Evoked IPSCs were similar in shape to spontaneous IPSCs and to IPSCs produced by elevated extracellular potassium as previously described in both IHCs (Glowatzki & Fuchs, 2000; Katz et al. 2004) and OHCs (Oliver et al. 2000; Lioudyno et al. 2004). The mean 10–90% rise time of the evoked IPSCs was 9.6 ± 3.8 ms (mean ± s.d., n = 298 IPSCs from 3 IHC recordings) and the mean time constant of decay was 50.2 ± 17.4 ms (n = 244 IPSCs from 3 IHC recordings) at a holding potential of −90 mV.
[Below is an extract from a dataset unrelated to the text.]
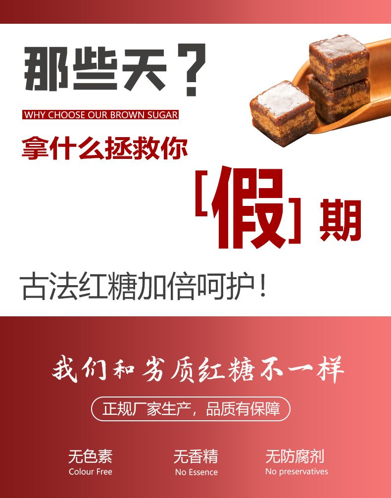 老红糖选高原绿皮甘蔗,榨汁沉淀澄清蒸发,口感醇厚,香甜不腻!

Like the previously described spontaneous IPSCs, evoked IPSCs reversed from completely inward at −90 mV to a biphasic inward and outward waveform at membrane potentials positive to the potassium equilibrium potential (EK = −82 mV) (Fig. 1E). The initial inward current of the biphasic IPSC is thought to result from sodium and calcium flux through the α9α10-containing nAChR (Elgoyhen et al. 1994; Verbitsky et al. 2000; Elgoyhen et al. 2001; Gomez-Casati et al. 2005). The subsequent activation of calcium-dependent small conductance SK2 potassium channels underlies the outward current (Dulon et al. 1998; Yuhas & Fuchs, 1999). Negative to EK, at −90 mV, both the AChR current and SK current are inward. Between EK and −40 mV the AChR current is directed inward whereas the SK current is directed outward, resulting in a biphasic response. Positive to −40 mV the much larger outward current obscures the small initial current through the AChRs.

To characterize the effect of efferent stimulation on IHC membrane potential, we recorded evoked inhibitory postsynaptic potentials (IPSPs) in current clamp (Fig. 1F). The synaptic potentials mirrored the synaptic currents, starting with a short depolarization and followed by a longer and larger hyperpolarization at potentials close to the IHC resting membrane potential at −60 mV. This hyperpolarization makes the effect of efferent synaptic activity on IHCs inhibitory (see also Fig. 5).

Taken together, the pharmacological data and the biphasic IPSC waveform confirm that with electrical stimulation we were able to exert cholinergic efferent synaptic inhibition of postnatal IHCs.

Synaptic strength of efferent contacts

As a measure of synaptic strength at the IHC efferent synapse, we calculated quantum content, ‘m’, the number of vesicles released per stimulation. We analysed our data in the following way. At a stimulation rate of 0.25 or 1 Hz we observed a relatively high fraction of failures of 0.65 ± 0.16 (n = 32 IHC recordings) and a mean amplitude of ‘successes’ of −22 ± 9 pA (n = 32 IHC recordings, 11 900 IPSCs analysed) at a holding potential of −90 mV. Figure 2A illustrates a recording with three successful stimulations and one failure. Additionally, spontaneous IPSCs occurred during the recordings that were not time-coupled with the stimulus (Fig. 2A). In each recording, evoked IPSC amplitudes fluctuated considerably (Fig. 2B). Examples of amplitude distributions for evoked and spontaneous IPSCs are shown in Fig. 2C.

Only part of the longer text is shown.